---------- Record extracts

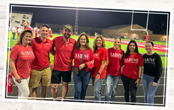
Sabine FCU joins the fun at Bridge City High School Football Night!
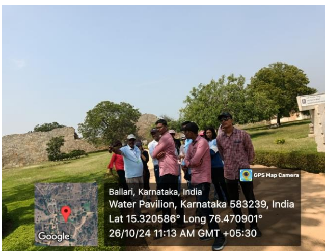
Guide while explaining flora of structure of Octagonal Water Pavilion to students.
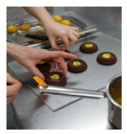
WORKSHOPS Interactive focused on development Day/early evenings

RECEPTIONS High end cocktails & canapes receptionsDay/evenings/Night
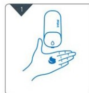
Wet hands and apply soap

We're all in this together so thank you for helping our school community (staff, children, parents and wider community) to stay as safe as possible.
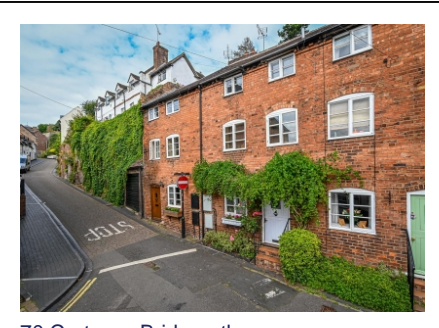
70 Cartway, Bridgnorth
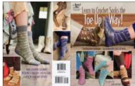
871061 Learn to Crochet Socks Toe-up Way $15.95
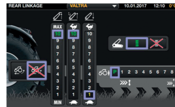
Intuitive way to set up settings with large controls and easy to understand functions.
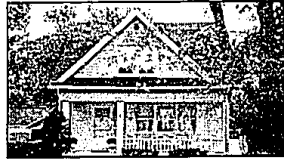
WONDERFUL IN-TOWN BIRMINGHAM HOME close to shopping. Three bedrooms, dining room, 1st floor laundry, basement, newer furnace and central air. Wood decks and wonderful front sitting porch. $178,000. (644-6300) B16055
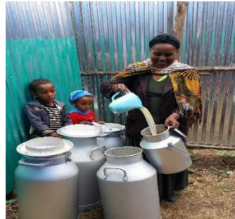
Successful onion field by a farmer collective! (left); Milk producers selling milk for the first time (right)

--------------------

--- What you should do ---
Every line in the entries above that has the word "evenings" should be identified and copied.

--- Solution for this exercise ---
WORKSHOPS Interactive focused on development Day/early evenings
RECEPTIONS High end cocktails & canapes receptionsDay/evenings/Night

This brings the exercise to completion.